When applied to dry soil, NH₃ losses typically remained minimal for days until rainfall occurred. The urea hydrolysis reaction requires water to proceed, so the reaction rate will tend to be limited by dry soil at the surface. Application to moist soil resulted in immediate volatization, specifically for surface-applied urea. Moist soil is defined as having a water content at 10 cm (4") depth greater than 29%. This would represent soil conditions that are borderline acceptable for field traffic. In moist soils, NH₃ losses would remain high until a rainfall event occurred to move the fertilizer N down into the soil.

Regardless of the initial soil moisture, a heavy rainfall would reduce but not eliminate subsequent NH₃ losses after an initial spike. Very large rainfall events (>2 inches/day [>50 mm/day]) were required to reduce NH₃ losses dramatically. Generally, the more rainfall, the less NH₃ loss. As a general rule, receiving 3 inches (76 mm) of rainfall over the 21-day measurement period was enough to limit NH₃ losses to 13 lbs N/acre on average (though losses from untreated urea were always high).

Post-application, a light rainfall (<0.15 inches [<4 mm]) was possibly the worst situation regarding NH₃ losses, especially on dry soil with higher clay content (less sand) (Figure 8). It appears that adding a small amount of moisture, but not enough to drive the downward movement of N into the soil profile, favors volatilization. Additionally, in a very dry year, disrupting the soil to inject the urea could cause more volatilization than leaving the urea on the surface because it exposed the urea to a small amount of soil moisture. For instance, at Adair, IL (2023) N was applied at the V5 growth stage to very dry soils followed by a cumulative rainfall of 0.1 inch (2.5 mm) during the 14-day measurement period. In this scenario the injected urea treatment had the greatest volatilization (26.5 lbs N/acre) compared to any other treatment (e.g. urea broadcast lost 4.9 lbs N/acre). Urease inhibitors demonstrated the most value in conditions where high volatilization losses were expected; applications onto wet soils, or after a light rainfall when applied onto dry soils.

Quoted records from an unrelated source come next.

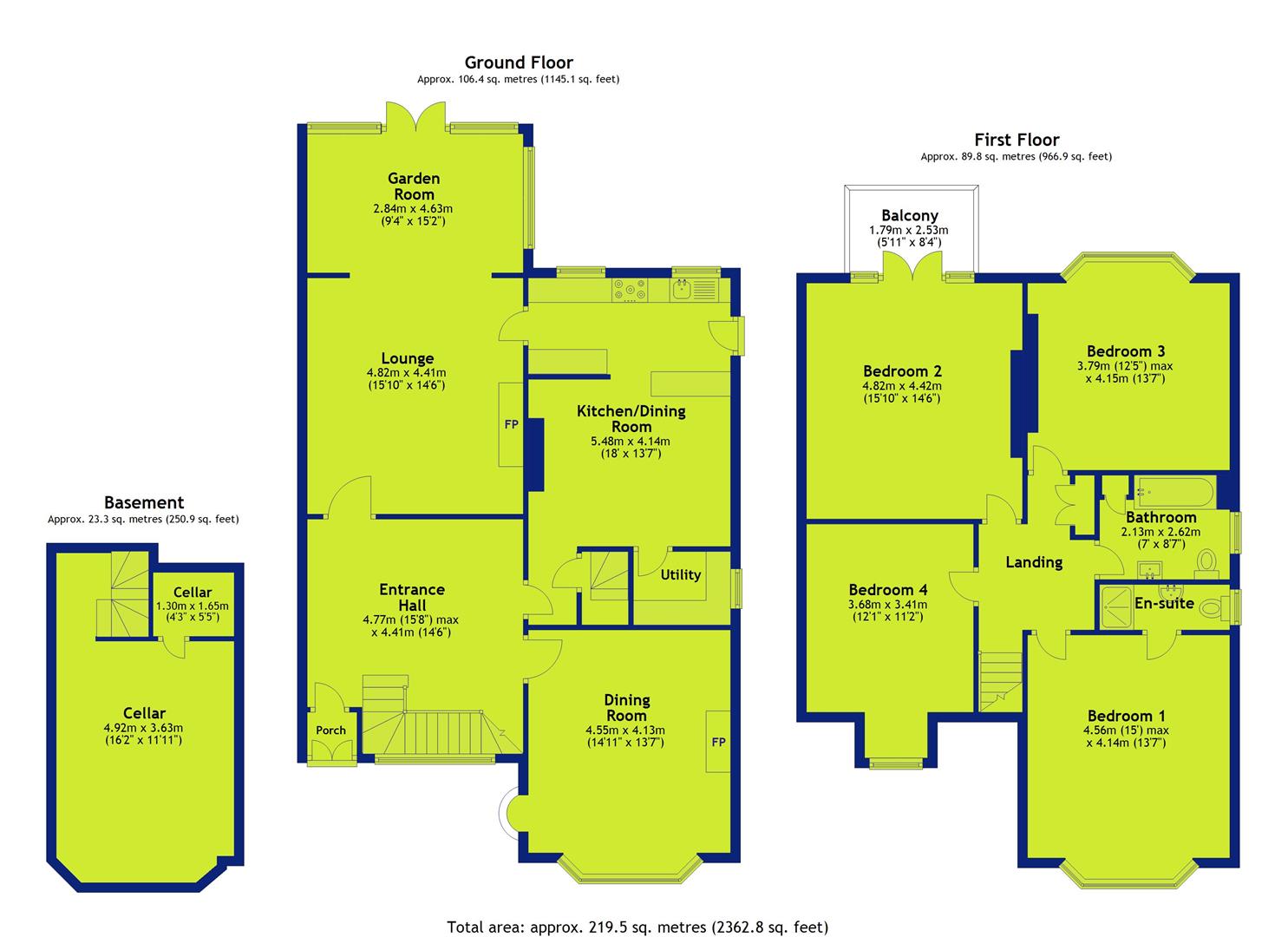 - Internal Area Approx. 2,362 sq ft inc Cellar
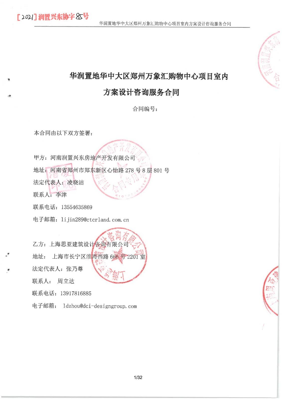 甲方名称: 华***有限公司 项目名称: 郑州万象汇 招标名称: 华***华中大区郑州万象汇购物中心项目室内方案设计咨询服务 项目地点: 郑州 中标时间: 2021年10月25日 中标范围: 商业室内公区范围内的概念设计,方案设计及重要空 ...... [登录可见]
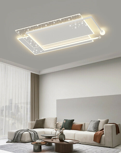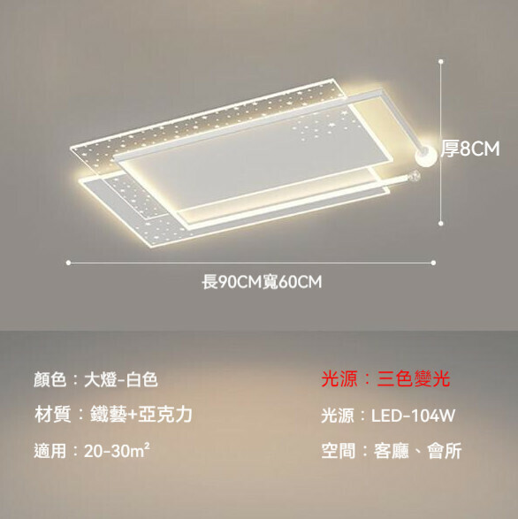 爆款簡約奶油風星空吸頂燈(白色長方90x60cm)【LED三色變光】
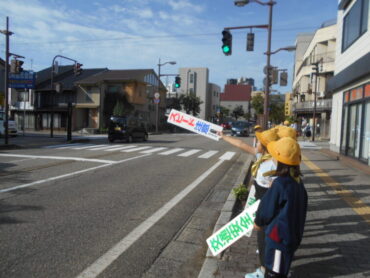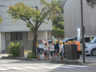 2025.9.22 4年生 4年 人波作戦 9/22 今年度の交通少年団の一員である4年生は、人波作戦に参加しました。 子供たちは、定塚交差点に立ち、元気な声でドライバーの方へ安全運転を呼びかけました。
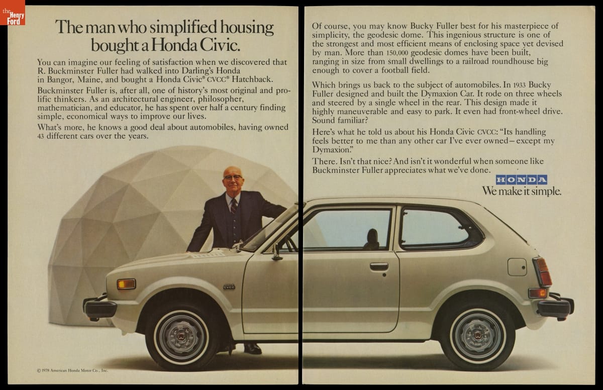 "The Man Who Simplified Housing Bought a Honda Civic," Honda Civic Advertisement Featuring R. Buckminster Fuller, 1978

Soil texture was an important feature that modified the interaction of volatilization and rainfall. The coarser the soil texture (i.e., as sand content increased), the less rainfall that was required to reduce NH₃ losses. This can be seen in Figure 7, comparing volatilization losses and rainfall at Winchester (20-26% sand) and Ridgetown (51-60% sand). Coarser soils may allow for more rapid downward movement of dissolved N. NH₃ losses can remain minimal for days after application to dry soil until rainfall (>0.1 inch [>3 mm]) occurs (Figure 8). Heavy rainfall could reduce the N losses after an initial spike at Ridgetown (2021), whereas the highest NH₃ peak was observed after the large rainfall event at Winchester (2022). Additionally, at Adair (2022) where soil contains a similar sand content to Winchester (26% sand), heavy rainfall (>1.7 inches [>43 mm]) triggered the NH₃ losses, resulting in the highest peak. This difference arises because the field capacity at Ridgetown is around 20% of soil volumetric water content (SVWC), while that in Winchester and Adair is around 30% of SVWC. Thus, in Ridgetown, the dissolved N experienced rapid downward movement unlike in Adair or Winchester by heavy rainfall, preventing NH₃ from volatilizing.

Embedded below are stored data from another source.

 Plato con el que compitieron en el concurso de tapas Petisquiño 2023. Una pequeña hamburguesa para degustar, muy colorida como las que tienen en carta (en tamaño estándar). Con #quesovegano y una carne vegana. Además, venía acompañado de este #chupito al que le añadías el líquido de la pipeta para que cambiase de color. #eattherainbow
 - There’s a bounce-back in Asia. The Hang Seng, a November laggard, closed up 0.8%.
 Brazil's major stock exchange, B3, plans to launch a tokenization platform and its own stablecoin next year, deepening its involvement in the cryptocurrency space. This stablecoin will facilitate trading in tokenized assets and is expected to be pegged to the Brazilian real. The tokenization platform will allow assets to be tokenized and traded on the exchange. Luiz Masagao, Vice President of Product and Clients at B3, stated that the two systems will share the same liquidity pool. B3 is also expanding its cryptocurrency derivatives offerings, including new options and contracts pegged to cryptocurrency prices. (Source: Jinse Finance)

N loss via volatilization can be measured in fields following N application using fairly simple tools. The outcomes from this work indicated that urea has a greater risk of N loss via volatilization compared to UAN, regardless of application timing. If urea is to be top-dressed or broadcast and incorporation via tillage is not possible, we recommend urease inhibitors, especially at later application timings where NH₃ losses are expected to be substantial.

We also identify weather patterns that can work for or against you in terms of minimizing NH₃ loss. Ideally, soil is dry when surface-applying N followed by sufficient rainfall (3 inches [76 mm]) to dissolve and drive the N below the soil surface. When N is applied to wet soils or dry soils followed by small rainfall amounts, NH₃ losses will be large.

The authors would like to acknowledge the technical expertise provided by Dr. John Lauzon, Dr. Craig Drury and Dr. David Hooker. This research was supported financially by the Grain Farmers of Ontario, the Ontario Ministry of Food, Agriculture and Rural Affairs - University of Guelph Alliance, and the Natural Sciences and Engineering Research Council of Canada.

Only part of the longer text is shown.